Since 1932 there has been a part of the Republican Party that has consistently resisted the New Deal, the Great Society and whatever we have had for the last eight years. As Democratic administrations enacted Social Security, Medicare and the Affordable Care Act, this faction fought the descent of the country into the pit of “socialism.” Their nadir came when the Eisenhower administration accepted the basics of the New Deal, but they roared back in 1964 with the Goldwater nomination. The Republican right-wing has continued to grow, and the once-plentiful Republican moderate has gone the way of the dodo. Today these reactionaries are on the verge of control of the three branches of the Federal government, and early indications are that they plan significant damage, and even destruction, to the great achievements of Democratic administrations since Franklin Roosevelt took the oath of office. The super-wealthy 1% have already gained a share of the national wealth not seen since 1929, and destroying an already frayed safety net will take us closer to that halcyon year for the rich. Maybe Herbert Hoover will at last have his revenge.

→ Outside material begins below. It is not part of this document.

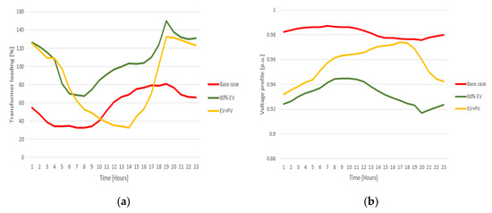 This section will provide the results and analysis of the different cases of the EV penetration in urban and rural networks, as well as the results of the effect of the installation of ultra-fast charging infrastructures on the elements of a commercial network.
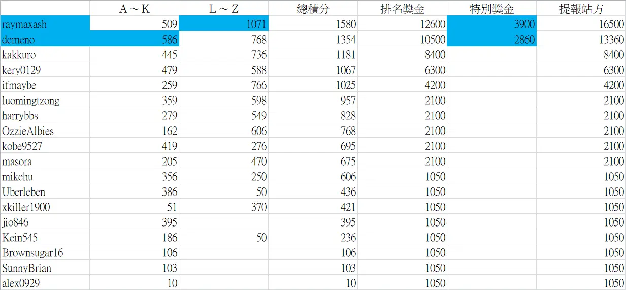 活动奖金将於提报站方後由站方发放,请耐心等候:

The reactionaries have long held control of the Republican caucuses in the House and Senate,
but a new feature is Cabinet secretaries devoted to the destruction of the social programs administered by their departments. We will likely have an Attorney General who was rejected as a Federal judge because of a suspicion of racism, a Treasury Secretary who is a Goldman Sachs alumnus (big surprise!) and whose bank played fast and loose with California’s foreclosure laws, a Health and Human Services Secretary who has been the House Republicans’ expert on gutting the Affordable Care Act, a Labor Secretary who is a fast food executive, who opposes raising the minimum wage and who would prefer employing machines rather than people, an Environmental Protection Administrator who has sued the EPA, an Energy Secretary who, when enumerating agencies he wanted to abolish, forgot the name of the department he will now head, and so it goes. The leader of this assault on the safety web is a real estate billionaire who proposes a massive tax cut to aid the 1%.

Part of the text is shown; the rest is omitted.